Maybe then we could be somewhat more stable.

Or maybe we would just end up as genuine friends. For all of his psychotic jackassery, Logan can be fiercely devoted to those he genuinely cares about. (How else would you explain his devotion to the waste of oxygen that was Dick Casablancas?)

Anyway, that wasn't important at the moment. Using my flashlight, I looked around the room until I found the "message pen" that Lilly had been using to pass notes to Weevil. It took me a second or two to figure out the mechanism, but eventually I pried out the note hidden inside.

Bingo. And bango. And bongo, all three. It was a note from Xander to Lilly. Xander, as you might have expected, sounded kind of overwhelmed.

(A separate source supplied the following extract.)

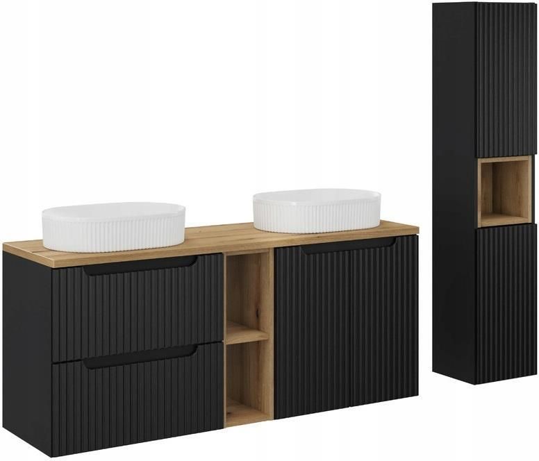 Zestaw NOVA w kolorze Czarny Mat W skład naszej kolekcji wchodzą meble, umożliwiające swobodne komponowanie i personalizację przestrzeni łazienkowej według indywidualnych potrzeb. Do kolekcji rekomendujemy różnorodne umywalki nablatowe i meblowe, lustra oraz inne akcesoria, które pozwolą Ci stworzyć kompleksową i stylową aranżację łazienki. Skład zestawu szafka 80cm szafka 20cm szafka 80cm blat 140cm umywalka BEYOND x2 szafka wysoka regał QUBIK Szafka 60cm Wykonanie korpus wykonany z płyty laminowanej w kolorze czarny mat front wykonany z płyty MDF - frezowane ryfle pionowe w kolorze czarny mat Wymiary szerokość: 60cm wysokość: 57cm głębokość: 39cm Szafka 20cm Wykonanie wykonanie z płyty laminowanej ergonomiczna głębokość szafek dolnych - 40cm Wymiary szerokość: 20cm wysokość: 57cm głębokość: 38cm Szafka 60cm Wykonanie korpus wykonany z płyty laminowanej w kolorze czarny mat front wykonany z płyty MDF - frezowane ryfle pionowe w kolorze czarny mat Wymiary szerokość: 60cm wysokość: 57cm głębokość: 39cm Blat 140cm Wymiary szerokość: 140,4cm wysokość: 2,5cm głębokość: 40cm Umywalka BEYOND Wymiary szerokość: 48cm wysokość: 11cm głębokość: 32,5cm Szafka wysoka Wykonanie korpus wykonany z płyty laminowanej w kolorze czarny mat front wykonany z płyty MDF - frezowane ryfle pionowe w kolorze czarny mat Wymiary szerokość: 30cm wysokość: 140cm głębokość: 25cm Regał QUBIK Wymiary szerokość: 26,7cm wysokość: 27,9cm głębokość: 21,3cm Właściwości aukcja dotyczy zestawu NOVA w kolorze czarny mat kolekcja NOVA składa się z dużej ilości elementów, w różnych kolorach, które dostępne są na naszych aukcjach (cena zależy od koloru) meble łazienkowe NOVA dostępne są w 4 wariantach kolorystycznych: czarny mat kaszmirowy mat dąb coast evoke biały mat meble w paczkach do samodzielnego montażu do mebla dołączona instrukcja oraz wszystkie akcesoria transport na terenie całej polski GRATIS - polski producent Ze względu na gabaryty paczek i normy dźwigania w pracy kierowca nie ma obowiązku wnoszenia mebli bezpośrednio do domu.

It wasn't hard to figure out the nature of Lilly's interest in Xander. Lilly would have felt as though she'd been burned by the bad boys in her life (even though Aaron was next on that list). And Xander Harris was about as far from bad boy as it was possible to be at Sunnydale High without actually being a nerd. And of course, he wasn't bad-looking, which was always a Lilly criterion.

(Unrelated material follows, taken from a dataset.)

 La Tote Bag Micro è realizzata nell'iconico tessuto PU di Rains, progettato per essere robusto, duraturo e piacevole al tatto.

I put the pen back together, got out my screwdriver, and started working on the vent.

One screw.

Two screws.

Three screws.

Four screws.

The vent was on the floor.

I peered into the vent --

Success.

Possibly.

There was a videotape there.

And then, in the category of worst timing ever, the nominations are:

A Sunnydale Police car, pulling up in front of the Kane Estate.

You'd think a city full of rioting kids might have slowed them down.

And you'd have, apparently, been wrong.